We can vacation anytime. I only work 4 days a week, and my weekend off is 4 days in a row every 2 weeks. With Jorge at home, we can just take off to a weekend getaway or vacation during summer break or we can do an impromptu day trip to wherever we like without worrying about his schedule. We love to travel and explore places and we want for the children to develop the love for traveling. We want to fill our memory banks with experiences so we can all look back to the times when we did stuff together as a family.
Since I work nights and Jorge is home, we also can go to church every Saturday as a family. It is very important for us to teach our kids about God, and church and religion because we believe it is our ultimate duty as parents to bring our children to God. Our children may choose a different path when they become adults, but as kids, we take them to church and introduce them to our faith.
We lessened our family stress level. With this set up, we have less stress on our family life, family schedule and on our marriage. We don’t have to juggle two jobs and two parent schedules. Jorge can focus on our children and family while I focus on my job and family’s well being as well. In this fast paced world of USA, we have a very laid back lifestyle.
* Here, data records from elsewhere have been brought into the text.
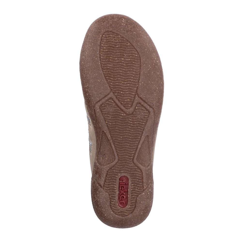 Líbivé dámské sandálky značky RIEKER, které rozzáří Váš den a doplní botník o originální kousek. Béžovým svrškem se prolíná květinkové vzorování, které dodá jedinečný styl. Kožená stélka je tou pravou volbou pro Vaše nekonečné pohodlí a spolu s prodyšnou podšívkou se tyto boty dostávají k dokonalosti. Pevná podešev je lehká, flexibilní a tlumí nárazy při došlapu, a tak se nemusíte bát, že byste v botách nevydržela celý den. Technologie: Antistress – podešev je díky této technologii lehká, flexibilní, absorbuje nárazy při došlapu a snadno se přizpůsobí každé noze.
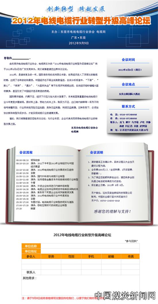2012年电线电缆行业转型升级高峰论坛 *参会回执*
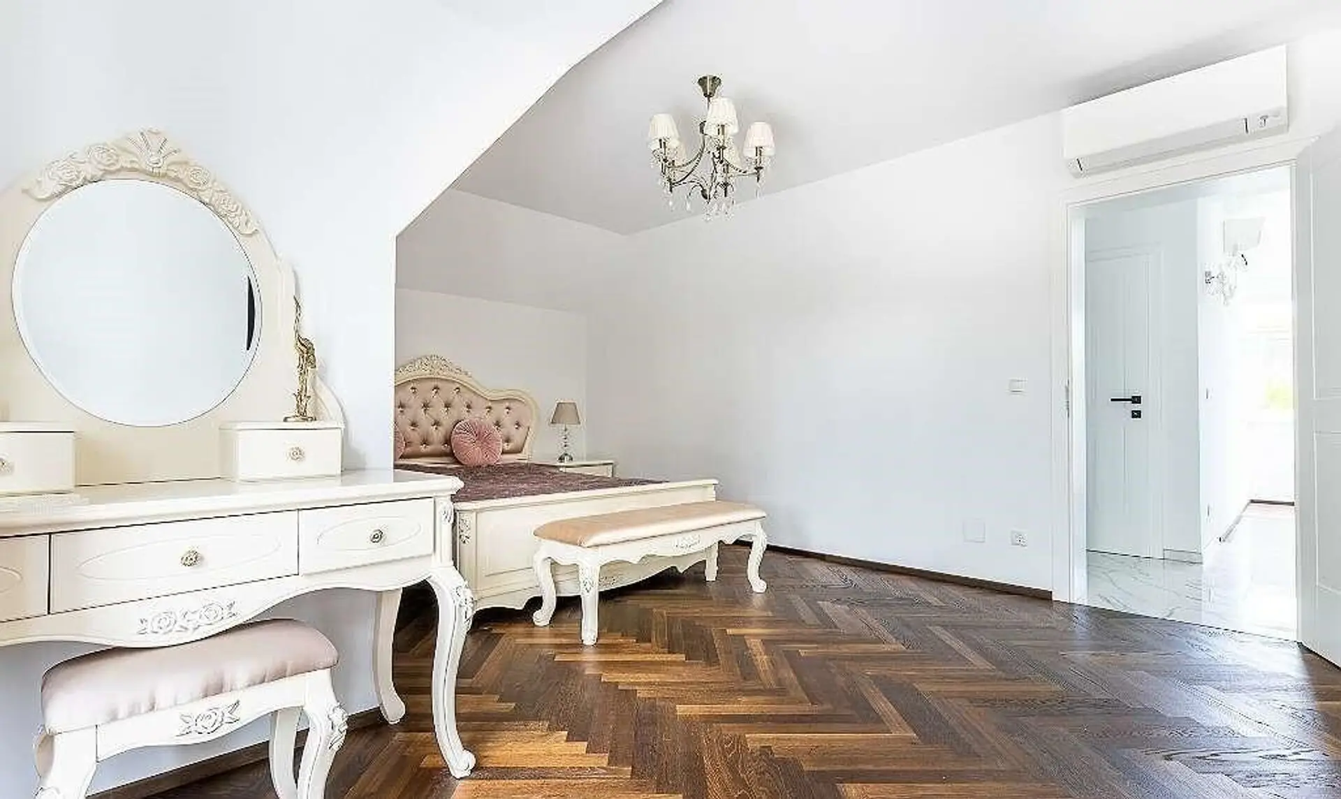 Die Stiege hinauf gelangt man an der hellen Galerie mit Glasboden - wo man locker einen Home-officeArbeitsplatz einrichten könnte - vorbei in die beiden luxuriös ausgestatteten Schlafzimmer mit jeweils eigenem Zugang zum südseitig ausgerichteten 15 m² großen Balkon - und sogar einem zweiten Kamin. Der Abstellraum fungiert als begehbarer Kleiderschrank und auf der anderen Seite befindet sich ein weiteres Badezimmer mit Doppelwaschbecken, Dusche und WC. Die Luft-Wasser-Wärmepumpe sorgt mit der Fußbodenheizung für Wohnkomfort im ganzen Haus. Nicht zuletzt begeistert jeden der niedrige Energiebedarf dieser fast neuwertigen Villa, welche noch viel Potenzial verbirgt. Man könnte von Photovoltaik bis Whirlpool noch einige Upgrades implementieren!
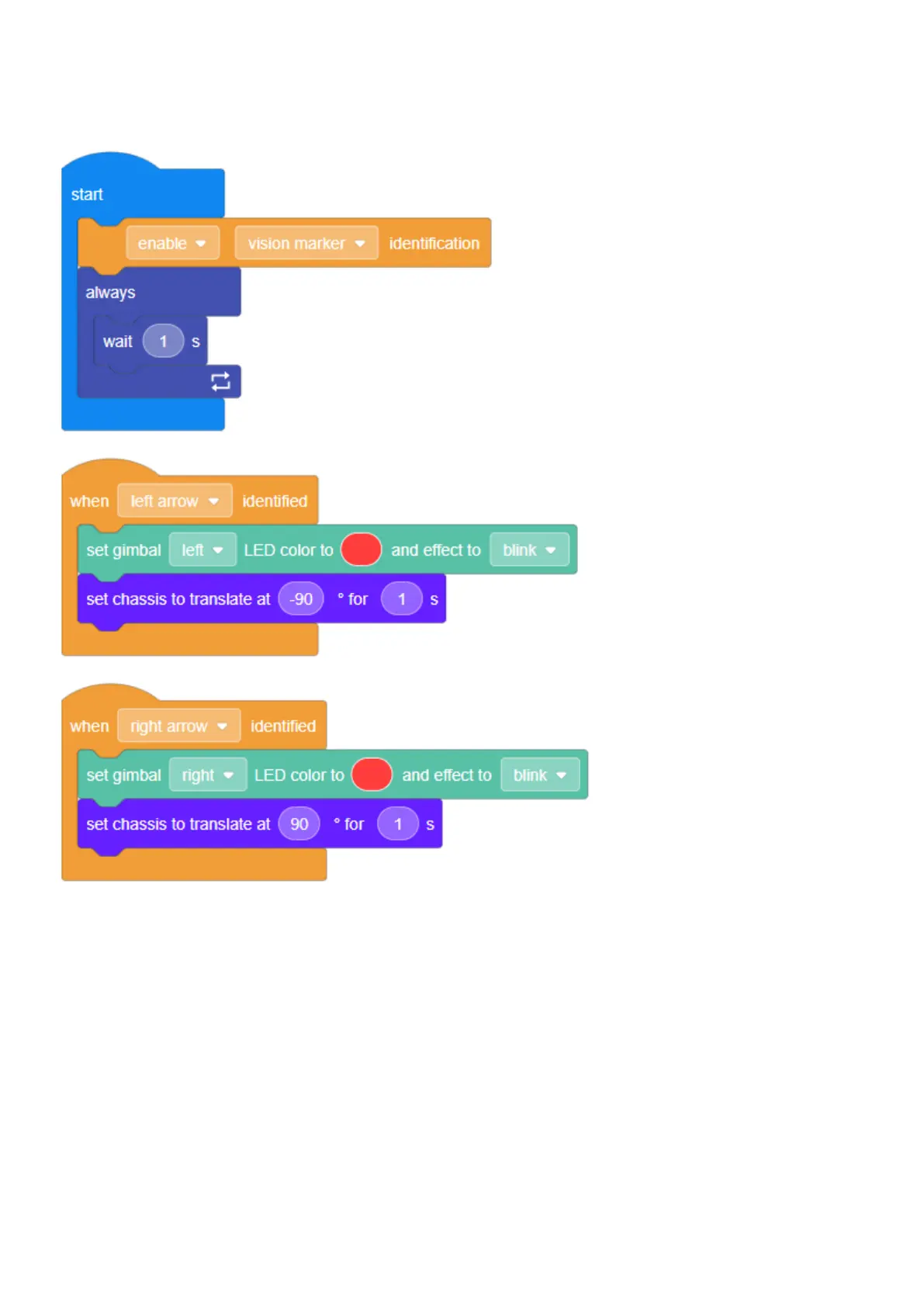 translate left for 1 second; when the robot identifies a right arrow, the right turn LED indicators on the gimbal

We don’t have to rush to meet schedules. I only work eight hours and when I go home, my job and the stress from my job stays at my work place. I do have to work some extra shifts or extended hours if I choose to and if the need arises. But most often, I am at home at day time, and at work four times a week at night.
Jorge and me are focused on our number one priority, and that is to have a happy and peaceful family living. We are very blessed and very fortunate to have one income and be able to meet our family’s financial needs. We don’t own fancy and expensive things, we don’t throw elaborate birthday parties. We always tell our children we only have enough to meet our needs and to travel too and to help some family at home in the Philippines when needed.
At some point, when the kids are older and more independent, Jorge will have to go out and expand his horizons professionally. I have no doubt he will find his own place in the workforce with his education and skills. But for now, our children need him at home and I need him to be home.
And there is no amount of money in the world can ever replace the balance we have at home, the peace and happiness we enjoy, with our four beautiful children…Unless of course we win the lottery! And then we can just both stay home and enjoy our family!
So to all the dads out there who found the value of staying home to take care of your family, know that us moms are proud of you and that we value the sacrifice you are making for your children and for your wife. And even if we moms are the ones bringing home the money, we can’t do this without your sacrifice, love and support. And remember that this will not last forever, and these children will grow up and be independent, and you can then go back into the world and find your place.
Thank you daddy Jorge! You are the greatest!